• Welcome to Religious Forums, a friendly forum to discuss all religions in a friendly surrounding.

    Your voice is missing! You will need to register to get access to the following site features:
    • Reply to discussions and create your own threads.
    • Our modern chat room. No add-ons or extensions required, just login and start chatting!
    • Access to private conversations with other members.

    We hope to see you as a part of our community soon!

religious medal falls off chain

rdliid

New Member
Hi. My wife and I have been married for 23 years and started having marital troubles about two years ago. She said I was too fat :) its true - I do need to loose weight. But to the point, I have a St. Christopher Medal (18kt gold) that I have worn our whole marriage. I am also a merchant seaman and travel a lot. I love my wife, am very religious and quite monogamous - despite the habits of other sailors. After our problems started, I went to Diego Garcia (Indian Ocean) for a two month job. While I was overseas, my wife posted on her facebook that she had been to a bar the prior evening and had a great time. I was concerned. It was then that strange things began to happen. I was sitting in my cabin and the St. Christopher fell off its chain onto my lap. The chain was still in place. I was startled. I examined the chain and the medal in detail. The chain had a closed loop that was soldered shut. The solder joint was solid. Looking at the chain itself, there were no possible ways it could have worked loose. I asked some of my friends to look at it and they thought it was really strange. This happened one other time during that two months. After I came home, things improved a bit. No further problems with it falling off for over two years. Until this morning. My wife is traveling in another country. I woke up to find the medal lying on the bed and the chain still around my neck - everything intact. Could this be a sign of infidelity?
 

Quintessence

Consults with Trees
Staff member
Premium Member
When it comes to things like this - interpretations of signs and omens - the ball is always in the court of the diviner. Only you can tell you what it means. What I strongly suggest to people is to consider how their interpretation will change their behavior, if at all, and what your chosen interpretation might say about you. They're hard questions, and sometimes we like to lie to ourselves about the answers. For example:

If I choose to interpret this as a sign of infidelity, will I start treating my wife differently because of it? Is it worth risking my relationship with her because of something that may or may not really mean anything?

If I choose to interpret this as a sign of infidelity, does this mean I feel insecure in my relationship? Am I having a hard time trusting my wife? Am I projecting? Am I just looking for something to confirm how I feel to rationalize it?

Consider alternative interpretations. Maybe it's a sign you're time together should come to a polite end? Maybe it's a sign you should have an open marriage? Maybe it's a sign you need to learn to trust each other again and work together? What is the story you want to tell? What does that say about you? That is what is enlightening about divination via omens: what it tells you about yourself.
 

Thana

Lady
Quite monogamous?
That sounds a little suss...

However, I don't think it's a sign of infidelity. God may work in mysterious ways, But generally He isn't a magical showoff. He uses people and circumstances to get a message to His children.
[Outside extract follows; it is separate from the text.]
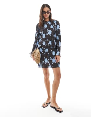 Vero Moda – Brązowo-niebieska plisowana sukienka mini z długimi rękawami w kwiatowy wzór
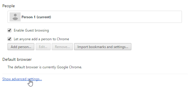 Click on Show advanced settings at the bottom (if they aren’t already shown)

If you want to know if your wife is cheating/has cheated, Ask her.
 

Quintessence

Consults with Trees
Staff member
Premium Member
If you want to know if your wife is cheating/has cheated, Ask her.
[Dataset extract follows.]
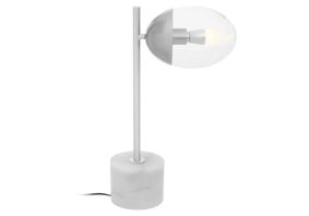 This table lamp has a clean and modern design. It features a clear glass globe shade that is supported by a sleek chrome finish metal stem and a sturdy round white marble base, creating an ambient glow in any room.

I don't know that I'd recommend that. No matter how diplomatic you try to be about that sort of question, it's a leading question that will inevitably come off as an accusation or demonstrate a lack of trust.
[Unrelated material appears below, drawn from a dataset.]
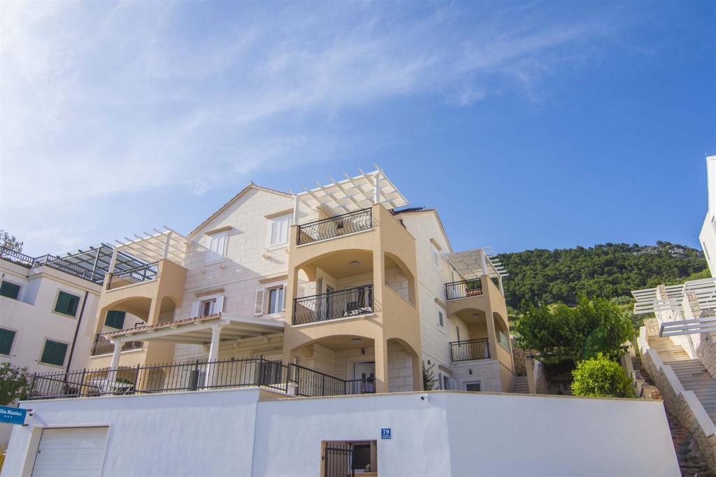 Villa Marina nalazi se u mirnijem dijelu Bola na otoku Braču, nekoliko minuta hoda od centra mjesta i mora. Objekt nudi više apartmana, svi su uredni, funkcionalni i opremljeni za ugodan boravak tijekom ljeta. Svaki apartman ima vlastitu kuhinju, kupaonicu, klima uređaj i balkon ili terasu. Većina ima pogled na more ili mjesto. Gostima je na raspolaganju privatni parking u sklopu objekta. Do centra Bola, restorana, trgovina i rive dolazi se laganom šetnjom, a poznata plaža Zlatni rat udaljena je oko 15-20 minuta hoda ili nekoliko minuta vožnje. Objekt je pogodan za parove, obitelji i manje grupe koje traže jednostavan i ugodan smještaj blizu svih sadržaja, ali bez buke.

Better approach is to say something like "if there's anything you'd like to talk to me about, I'll listen" and then do so without judging.
 

Thana

Lady
I don't know that I'd recommend that. No matter how diplomatic you try to be about that sort of question, it's a leading question that will inevitably come off as an accusation or demonstrate a lack of trust.

Better approach is to say something like "if there's anything you'd like to talk to me about, I'll listen" and then do so without judging.


Being vague about it invites miscommunication and misinterpretations, You should just be open and honest.

If you're wondering if your partner is cheating, You're already lacking trust.
Being honest about it is better than lying about it, I've found anyway.
 

McBell

Resident Sourpuss
Could this be a sign of infidelity?

It could.
But then, it could also be a sign that she had the perfect opportunity to cheat on you and didn't.
Of course, it could also be a sign of anything else you can imagine.
Not to mention it may well not be a sign at all.


Out of curiosity, who/what do you think is providing this "sign"?
 

McBell

Resident Sourpuss
If you want to know if your wife is cheating/has cheated, Ask her.
I concur

Being vague about it invites miscommunication and misinterpretations, You should just be open and honest.

If you're wondering if your partner is cheating, You're already lacking trust.
Being honest about it is better than lying about it, I've found anyway.

I agree here as well.
 

MD

qualiaphile
One word: Keylogger

Lol I kid, but after 23 years of marriage you would know her better than anyone here. Asking her she may or may not tell you.